Exercise
Copy word for word the lines in the records below, starting at the line with "Modern fitted Bathroom" and ending at the line with "天水六九一三電子科技有限責(zé)任公司". Skip the pictures.

Given information
========

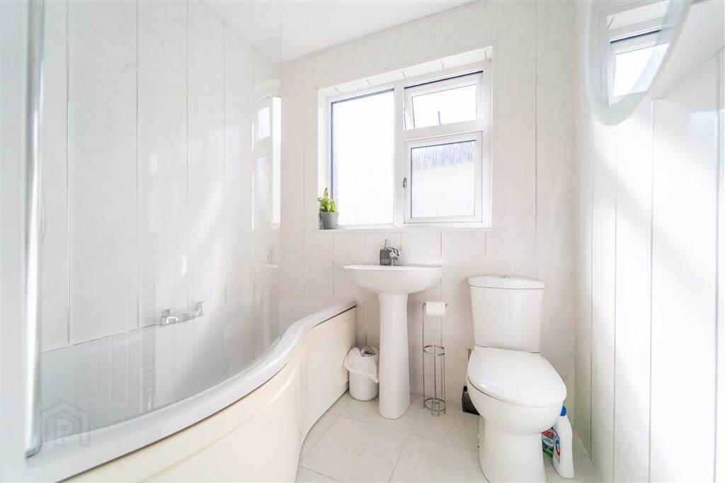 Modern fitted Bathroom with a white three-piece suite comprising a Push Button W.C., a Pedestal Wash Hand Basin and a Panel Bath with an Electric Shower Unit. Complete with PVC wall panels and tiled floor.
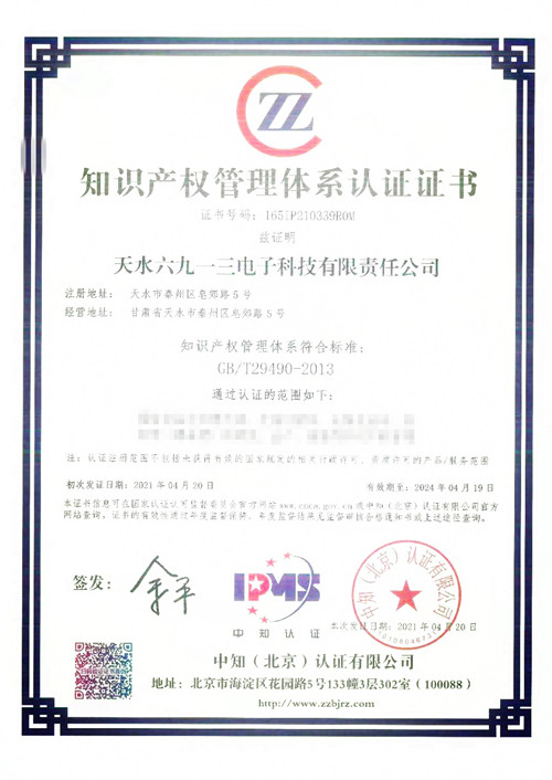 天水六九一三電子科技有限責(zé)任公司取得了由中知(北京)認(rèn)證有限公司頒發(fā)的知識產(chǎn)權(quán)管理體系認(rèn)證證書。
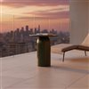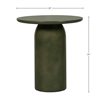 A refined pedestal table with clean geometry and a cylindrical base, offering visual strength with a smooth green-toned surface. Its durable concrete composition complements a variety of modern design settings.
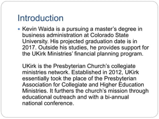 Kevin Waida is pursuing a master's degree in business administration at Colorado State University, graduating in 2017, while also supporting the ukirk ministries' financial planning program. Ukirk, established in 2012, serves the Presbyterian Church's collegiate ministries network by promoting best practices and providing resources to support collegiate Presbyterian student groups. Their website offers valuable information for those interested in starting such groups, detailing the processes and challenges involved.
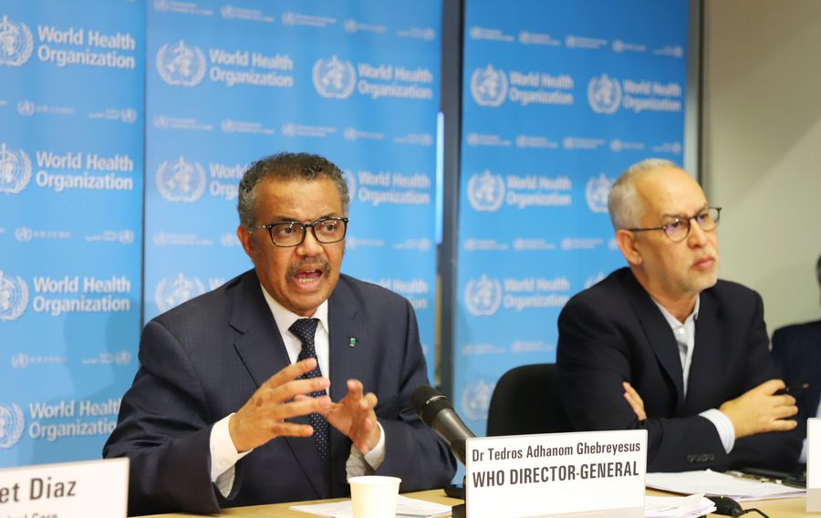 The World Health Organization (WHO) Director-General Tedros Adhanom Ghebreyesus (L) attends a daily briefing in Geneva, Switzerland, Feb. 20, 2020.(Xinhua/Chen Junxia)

========

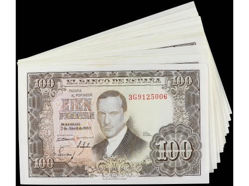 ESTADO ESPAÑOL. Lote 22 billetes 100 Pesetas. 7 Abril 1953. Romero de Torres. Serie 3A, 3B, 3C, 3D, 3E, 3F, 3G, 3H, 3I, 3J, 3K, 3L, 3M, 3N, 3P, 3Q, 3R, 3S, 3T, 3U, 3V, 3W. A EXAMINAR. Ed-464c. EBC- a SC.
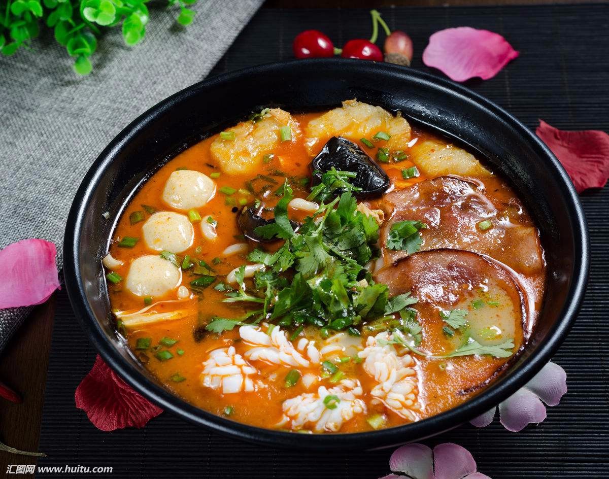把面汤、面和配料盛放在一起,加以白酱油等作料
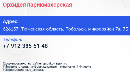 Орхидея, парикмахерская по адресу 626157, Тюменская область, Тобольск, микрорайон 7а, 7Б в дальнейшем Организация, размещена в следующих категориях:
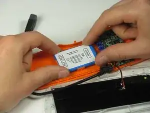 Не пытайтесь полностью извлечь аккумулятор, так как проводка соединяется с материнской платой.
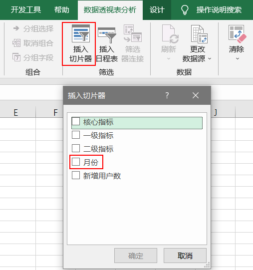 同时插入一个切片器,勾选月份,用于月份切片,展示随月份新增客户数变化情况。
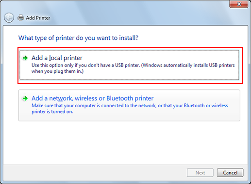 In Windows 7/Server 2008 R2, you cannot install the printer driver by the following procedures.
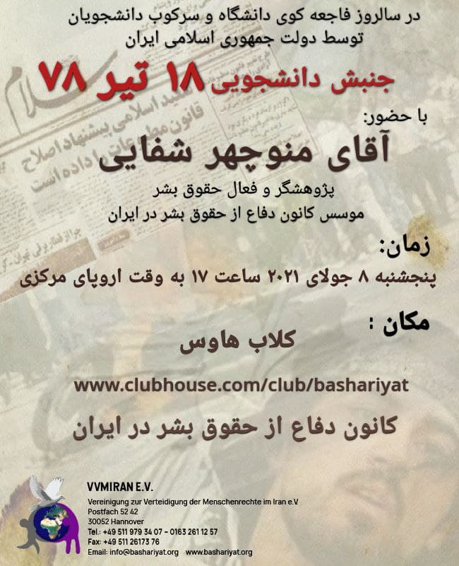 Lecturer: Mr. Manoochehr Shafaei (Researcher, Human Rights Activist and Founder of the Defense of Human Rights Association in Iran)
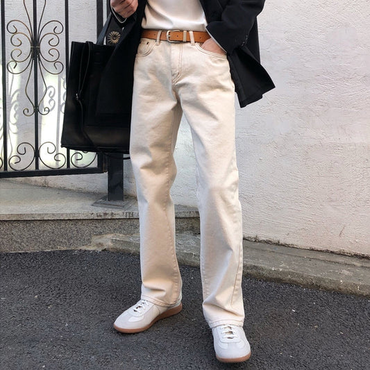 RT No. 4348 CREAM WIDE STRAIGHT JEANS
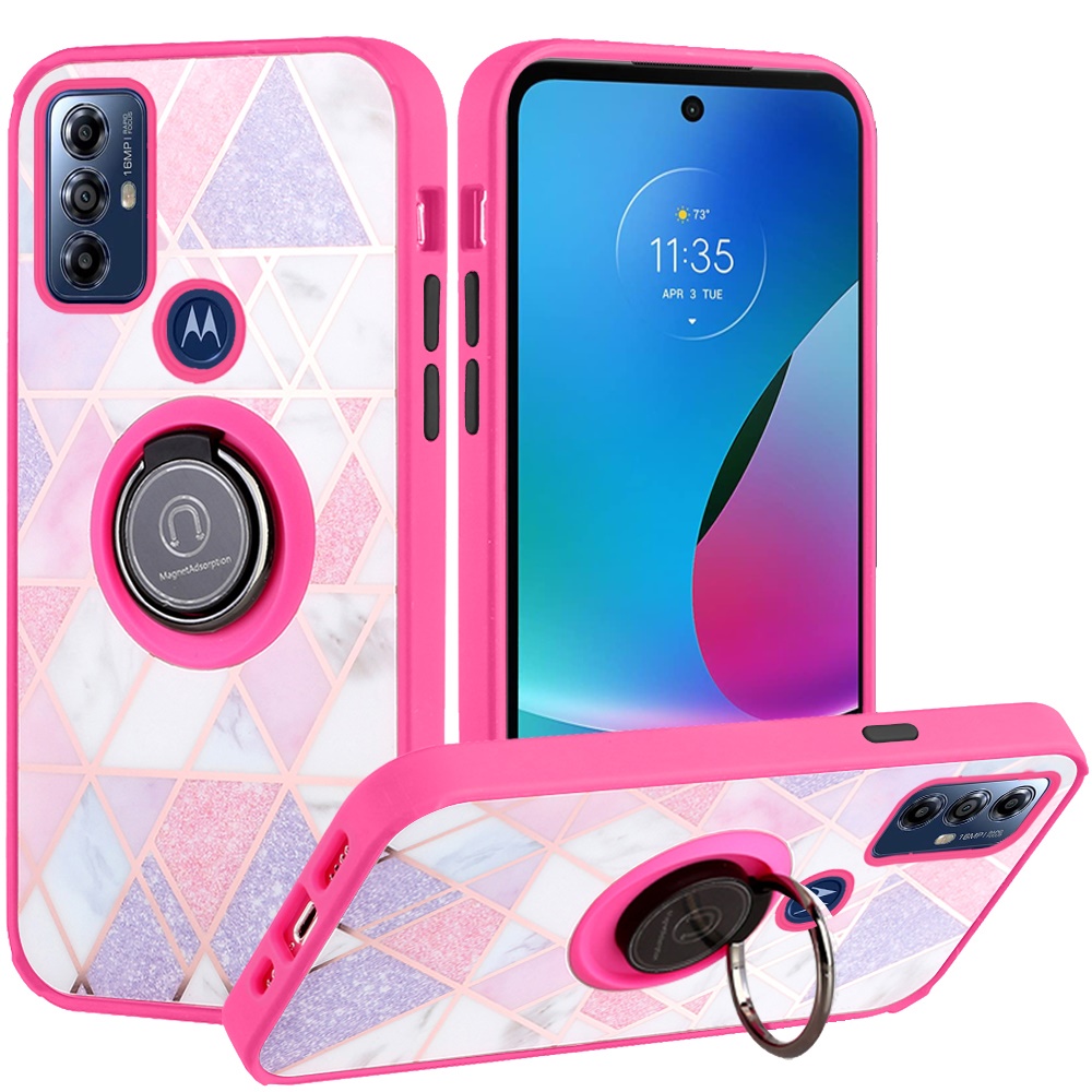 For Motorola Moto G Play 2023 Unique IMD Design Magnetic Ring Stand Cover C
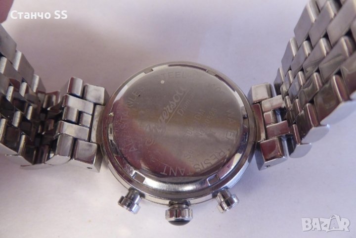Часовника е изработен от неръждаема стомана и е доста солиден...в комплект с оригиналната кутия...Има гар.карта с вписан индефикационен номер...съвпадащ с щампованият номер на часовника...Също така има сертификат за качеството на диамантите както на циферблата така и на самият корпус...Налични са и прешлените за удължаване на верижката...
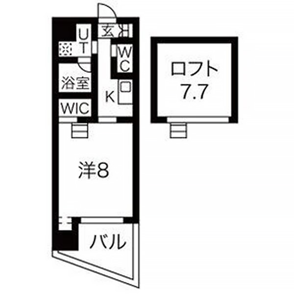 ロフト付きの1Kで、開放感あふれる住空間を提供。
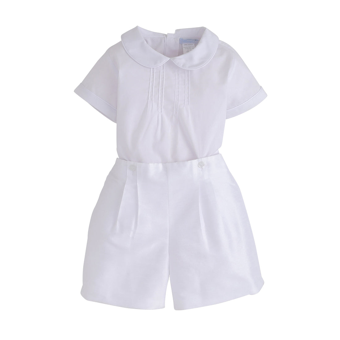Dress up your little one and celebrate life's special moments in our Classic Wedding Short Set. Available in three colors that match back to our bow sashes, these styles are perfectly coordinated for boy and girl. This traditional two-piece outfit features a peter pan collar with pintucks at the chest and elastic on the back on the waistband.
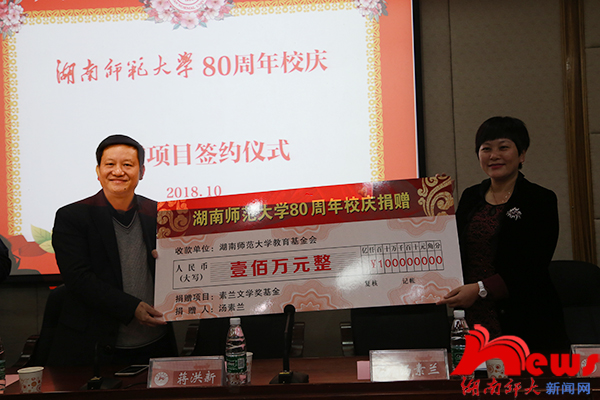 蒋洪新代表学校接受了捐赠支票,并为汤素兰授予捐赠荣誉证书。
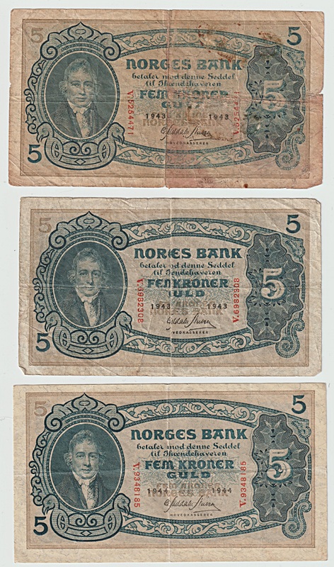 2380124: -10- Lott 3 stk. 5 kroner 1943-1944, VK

========

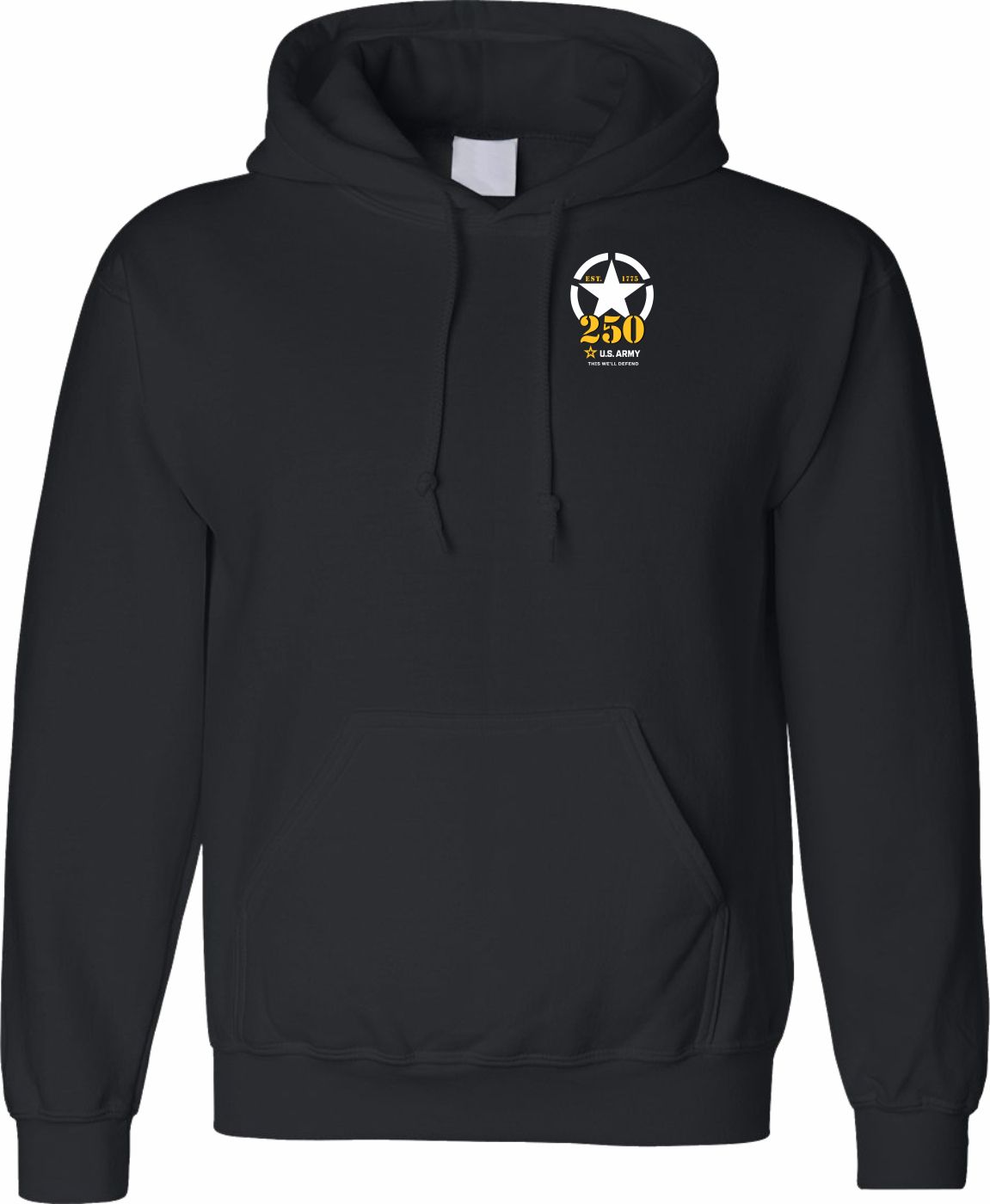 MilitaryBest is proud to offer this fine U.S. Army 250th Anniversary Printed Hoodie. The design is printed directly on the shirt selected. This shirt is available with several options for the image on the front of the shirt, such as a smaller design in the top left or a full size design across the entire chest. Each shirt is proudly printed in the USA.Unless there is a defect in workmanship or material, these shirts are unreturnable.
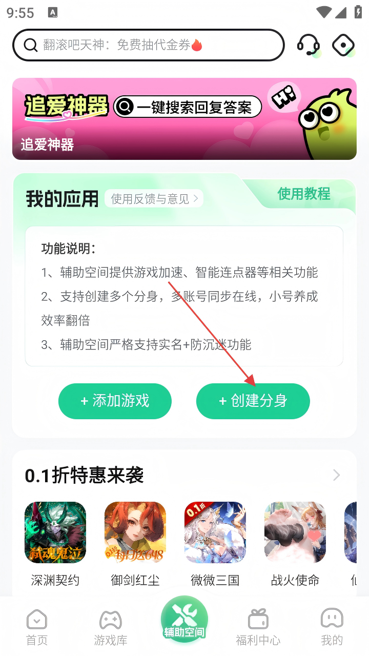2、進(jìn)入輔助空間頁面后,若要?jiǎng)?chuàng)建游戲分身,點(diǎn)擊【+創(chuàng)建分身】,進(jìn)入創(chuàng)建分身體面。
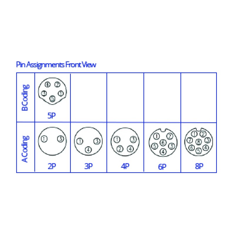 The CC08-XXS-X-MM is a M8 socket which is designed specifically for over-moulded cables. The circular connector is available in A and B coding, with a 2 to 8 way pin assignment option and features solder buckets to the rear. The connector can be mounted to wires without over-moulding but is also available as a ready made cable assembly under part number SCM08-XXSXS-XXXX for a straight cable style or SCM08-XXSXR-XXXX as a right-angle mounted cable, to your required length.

========

Written solution
 Modern fitted Bathroom with a white three-piece suite comprising a Push Button W.C., a Pedestal Wash Hand Basin and a Panel Bath with an Electric Shower Unit. Complete with PVC wall panels and tiled floor.
 天水六九一三電子科技有限責(zé)任公司取得了由中知(北京)認(rèn)證有限公司頒發(fā)的知識產(chǎn)權(quán)管理體系認(rèn)證證書。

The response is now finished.